You must consider the factors that will impact your expectations so that you can get a clear view of it.
Emotion is the triggering factor that controls your expectations.
When you set reasonable expectations, and when you get the opportunity to meet them, it feels great, right?
But then, how does this relate to trading?
Basically, human beings are born with the ability to avoid pain.
We have it in our body.
But, your pain-avoidance ability works differently in trading that it links with emotions.
When you set a trading expectation, you try to avoid all the information that invalidates your expectation.
Somehow, you find reasons, rationalize, and even worse, you make yourself feel great about avoiding the information.
This isn’t healthy. You might end up blowing your trading account as a whole, so think about this!
Anyway, you’ll face difficulties if you don’t manage your expectations.
But, what could happen with mismanaged expectations in trading?
It is completely okay to set expectations in trading, yet the problem is with unrealistic expectations.
A higher percentage of naive traders have the habit of setting unrealistic expectations because they are not aware of the market.
Your expectations will lead to frustrations when things don’t turn out as you planned.
When you are continuously defeated, and none of your expectations are met, so the frustration turns to resentment towards the Forex market.
This may even result in giving up on trading altogether!
For example, when you hope for a losing trade to turn into profitable miraculously, this kind of issue occurs.
Even if the price action is not in your favor, you might ignore all the signals and details to support your expectation.
The obvious pattern will be invisible because you don’t want to accept it.
This is not a good sign if you want to persist in the Forex market.
You must manage your expectations if you want to remain in the market.
Also, if you are ready to manage expectation, you’ll start to see what price action is signaling you.

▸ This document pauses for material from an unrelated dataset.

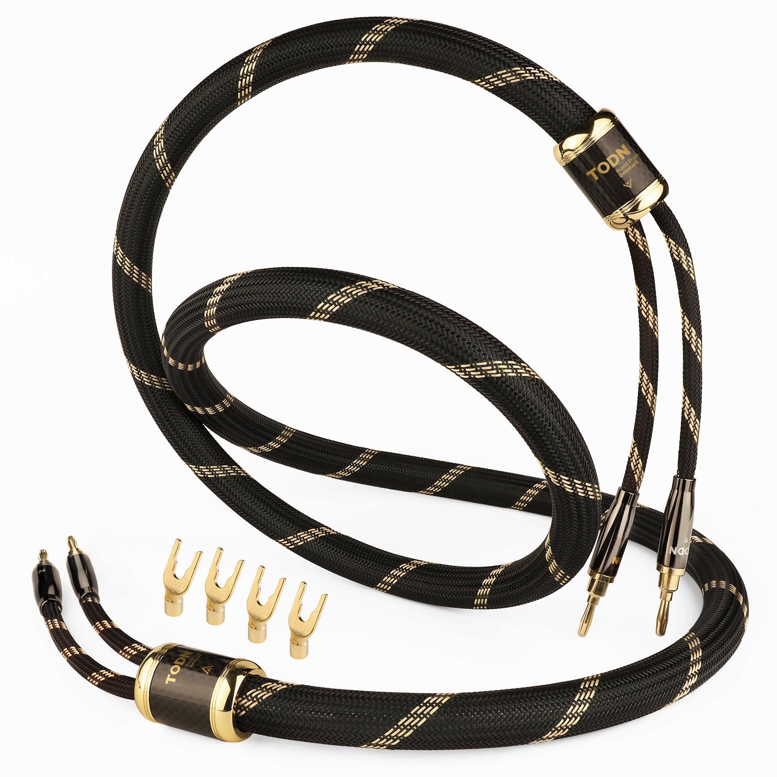 TODN Cable de altavoz de enchufe tipo banana de 5 AWG con enchufe convertible de pala doble blindado, cable estéreo para amplifica

Sometimes, you must let the market move a little bit if you want to gain profit; thus, adjusting your expectation is the only wise choice that you could make.

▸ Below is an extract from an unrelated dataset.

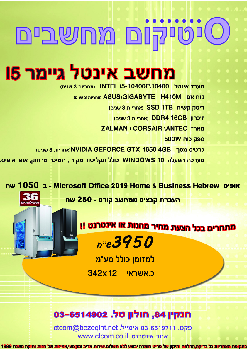 >> מחשב גיימר I5 , מחיר : 5950שח

Let go of the market when you can’t handle it, but manage your expectations because it is in your control.
If you do this, you’d be able to make rational decisions in trading and only through rational decisions can you achieve your goal.
It is better to explain the importance of managing your expectations in Forex trading.
Generally, when you are trading Forex, you have to consider many factors.
You might have to learn a lot before entering the market.
It is important to be up-to-date with the market, to have a journal, a plan, trading strategies, and much more.
So with all these, you must also give due importance to your expectations because it is the basement to your success.
In Forex trading, you must anticipate the market movement to make a decision or to execute your plan.
At this time, you must be a trader who doesn’t make emotional decisions, instead of a rational decision.
If you want to trade like professionals, you must treat emotions as your enemy.
The emotions will not let you move forward when you see a profitable trade signal.
Or they might push you out of trade even if the price signal is profitable.
Somehow, your emotion will make you a weak trader and make decisions on your behalf.
Hence, in trading, it is important to think logically, not emotionally!
Moreover, emotional discipline is one of the important parts of the Forex journey.
Almost all the professional traders would have passed this stage.
Of course, you can’t completely avoid expectations or emotions, but you can control your emotions and manage your expectations.
It is completely natural to expect because we are humans.
Like I already said, you must learn to manage your expectations.
If you set unrealistic expectations, you are the one to be frustrated at the end. Remember, you are not going to make profits alone; this is going to be a roller-coaster journey.
You will come across losses so you must learn to overcome the losses.
Managing expectations is not when you hang on to a trade that you are going to lose.
Instead, when you give up on it and accept that it is not going to be a profitable outcome.
Once you learn to cut losses short and to accumulate profits even if they are small, you’ll become much better at what you are doing.